While CoreOS already has etcd built in and it is very similar to Consul, it is missing some of the service discovery features offered by Consul. Namely the service catalog and service health checking. These things are nice to have.
This also allows you to run Registrator on CoreOS clusters and still get the Consul-backed extra features (such as health-check support).
- Clone this repo:
git clone https://github.com/cap10morgan/consul-coreos.git
. - Check if the file
/etc/environment
exists on your CoreOS machine(s).- On AWS and probably some other cloud environments it gets created automatically. But it will not exist if you're running CoreOS on bare metal, for example.

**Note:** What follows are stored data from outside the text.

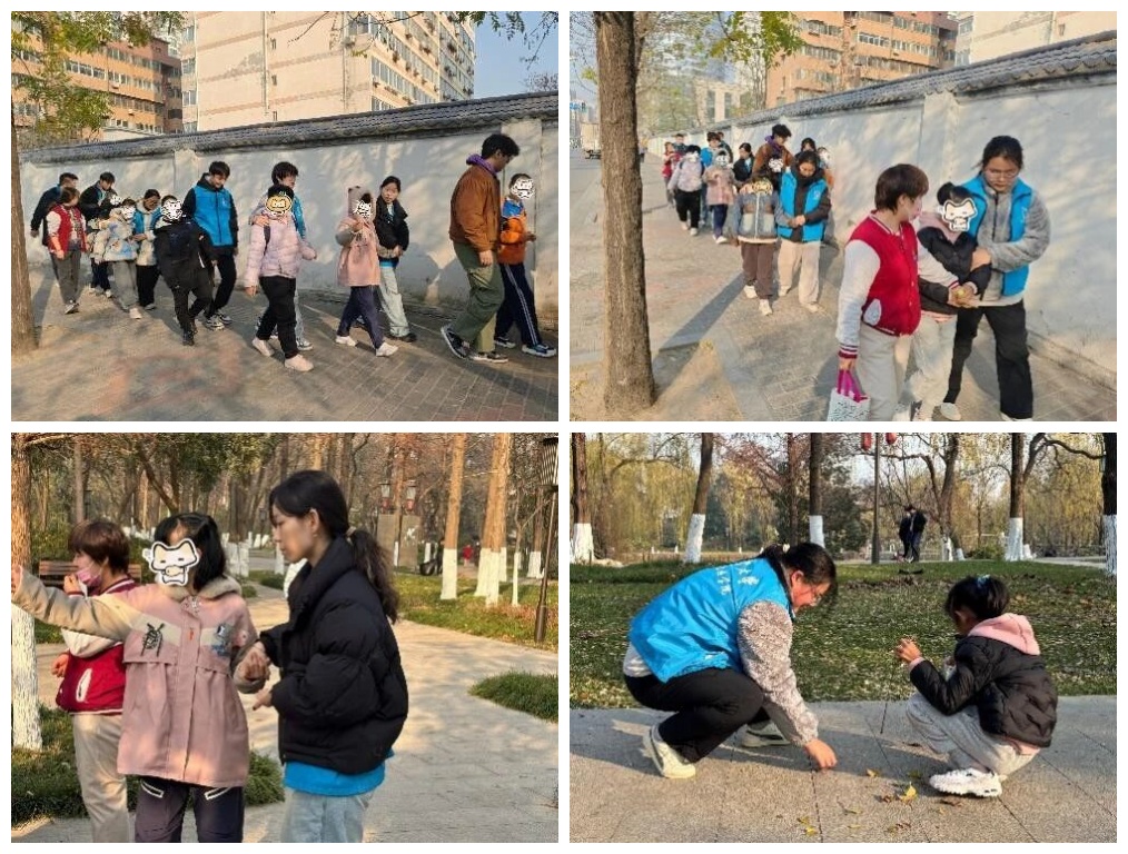 在特教中心老师指导下,志愿者与特殊儿童一一配对,前往兴庆宫公园进行户外活动,志愿者提前在公园内布置“宝藏卡片“,志愿者耐心引导孩子们自主寻找卡片,培养其独立性。志愿者与孩子们亲切互动,用实际行动表达了对孩子们的关心,孩子们也通过打招呼,温暖的拥抱等举动向志愿者回馈感激与爱意。
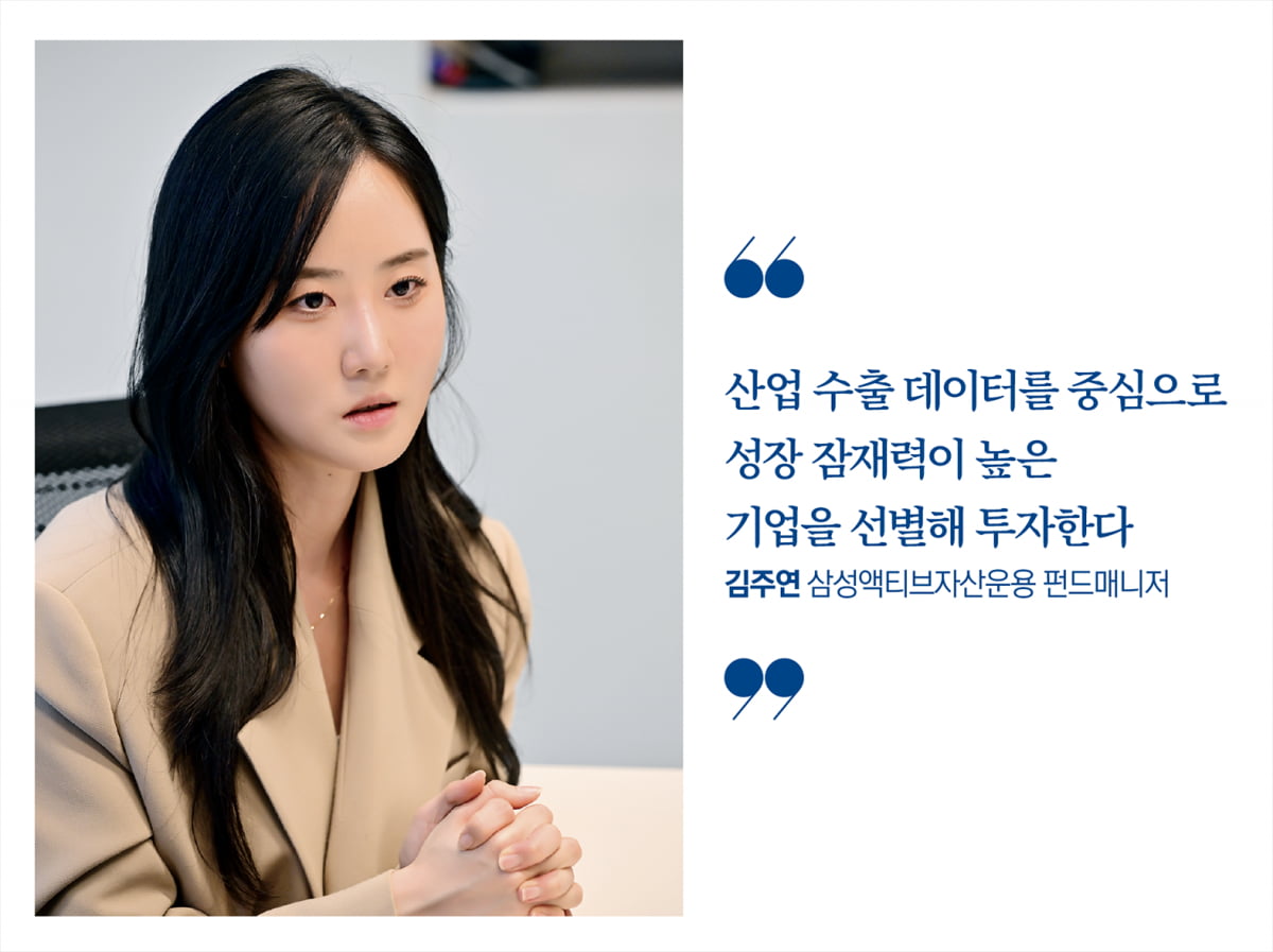김주연 매니저(이하 김 매니저) “국내 주식형 ETF인 ‘KoAct K수출핵심기업TOP30액티브ETF’를 맡고 있다. 저희 하우스의 기본 투자 철학은 세상의 변화에 투자하는 것이다. 제가 운용하는 ETF는 세계적 트렌드 속에서 특히 국내 산업 경쟁력이 높은 기업에 주로 투자한다. 과거 주도 산업 대부분이 수출 중심 기업에서 나오듯, 저희도 글로벌 수요와 트렌드에 맞춰 성장 가능성이 높은 기업을 수출 데이터를 기반으로 발굴하고 투자한다.”
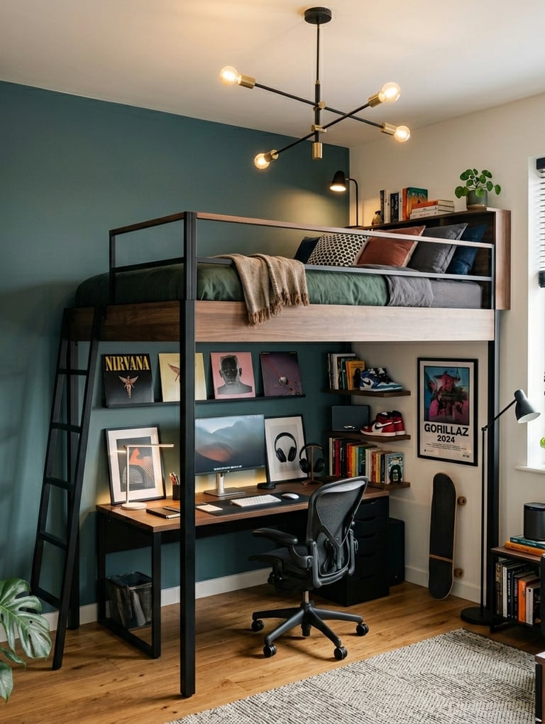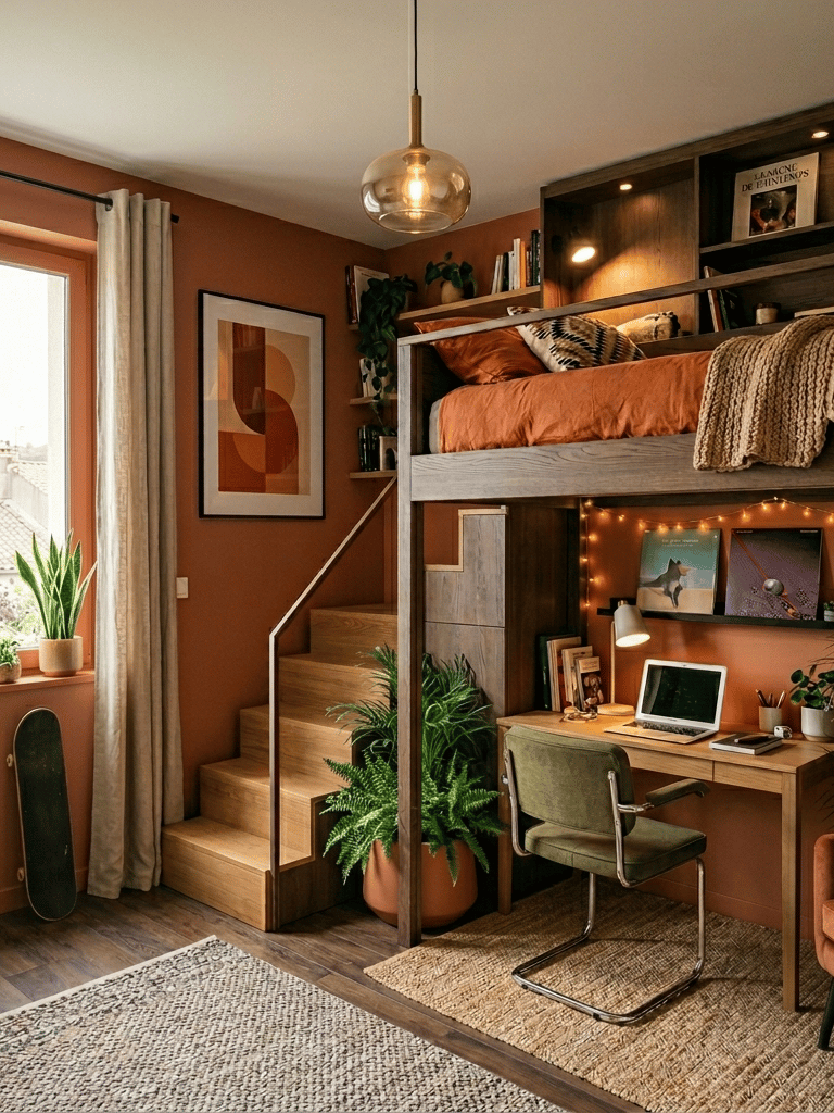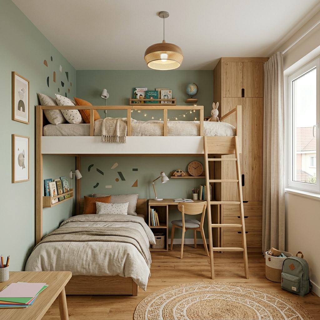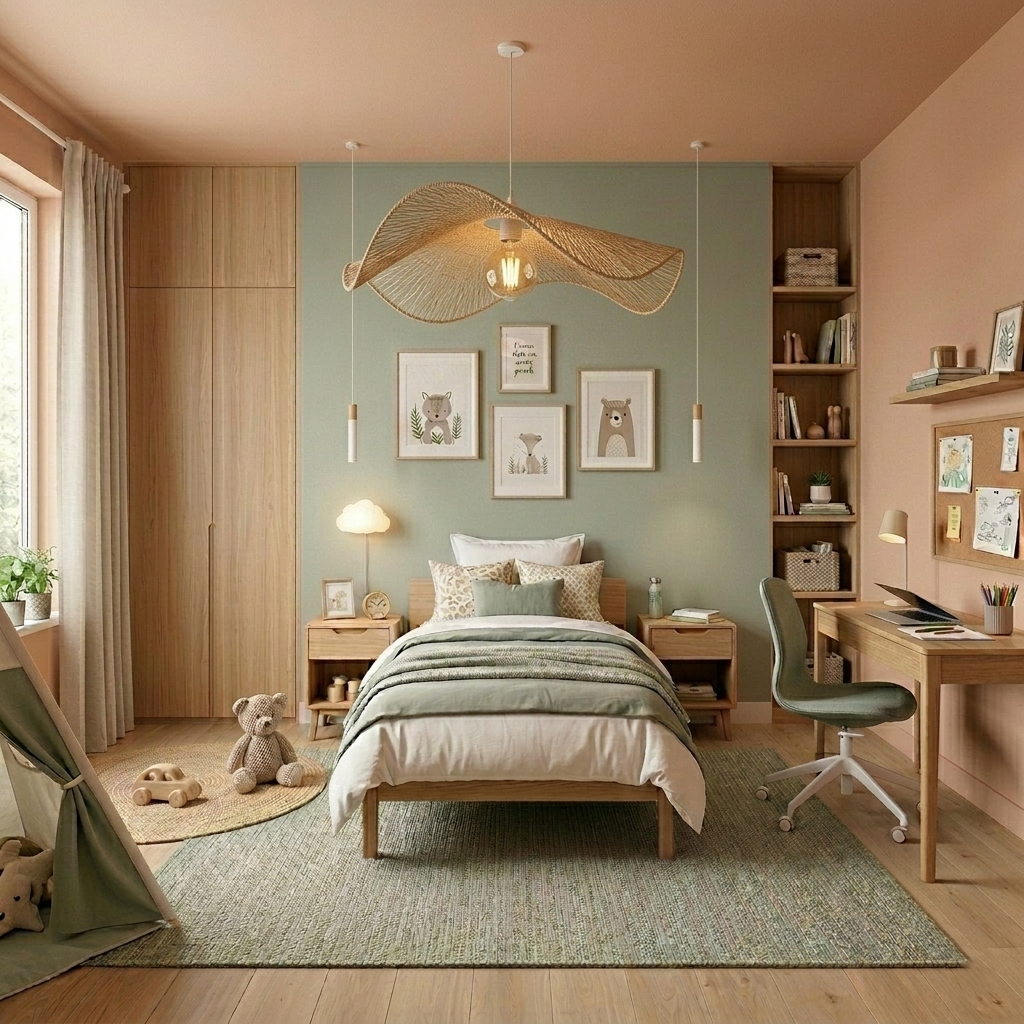 Bureau indispensable, rangements organisés, zone jeu + zone étude, ambiance apaisante.
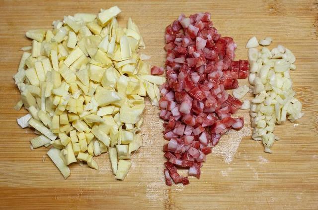 2.雪菜多洗幾遍,避免太咸;筍、臘腸、蒜頭切小?。还S丁焯一下水去除澀味。
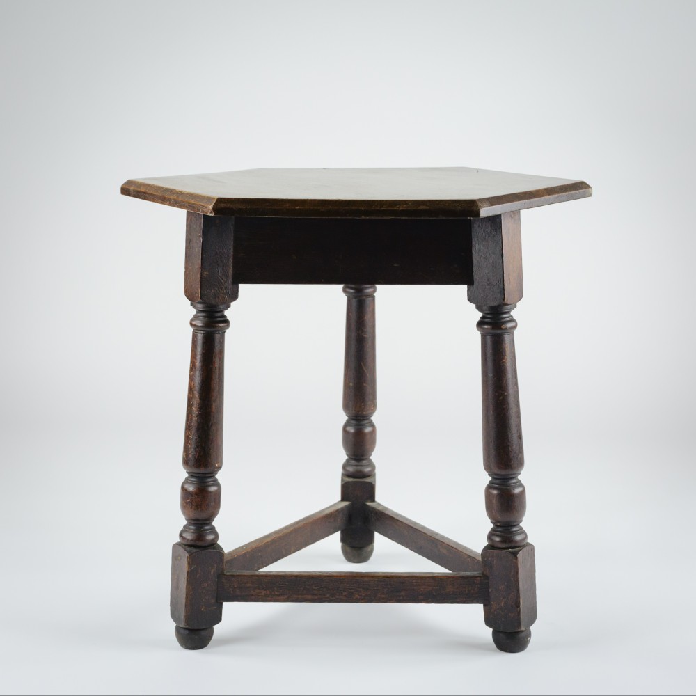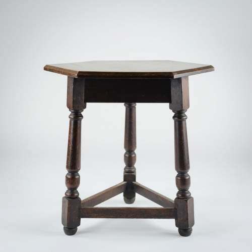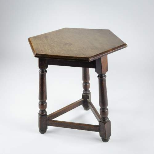 Stock Number: 4490Late 19th Century Cricket Table. Strong and robust, good thick chamfered hexagonal top of Oak. Great patination. England, Circa 1890.

- If it doesn't exist, create it like this:
echo 'COREOS_PRIVATE_IPV4=your.ip.address' > /etc/environment
- Submit and run the included service file on your CoreOS cluster:
fleetctl submit consul@.service
fleetctl start consul@1
fleetctl start consul@2
... as many more as you want
Fleet will run one Consul container per CoreOS node, so you probably want to start a consul@N up to the number of CoreOS nodes in your cluster. Although be aware that currently this runs all of them as Consul servers, which is not recommended past a ceratin cluster size (some of them should start being run as clients past a certain number of nodes). Pull requests welcome!
It uses etcd to coordinate the bootstrapping of a Consul cluster on CoreOS. My fork (smuth4) uses curl to control etcd2, rather than running docker-in-docker like progrium's excellent Consul Docker image.
- Switch to adding client nodes (as opposed to more server nodes) when the cluster is above a certain size. For now this has been tested on a 3-node cluster and should work on clusters close to that size.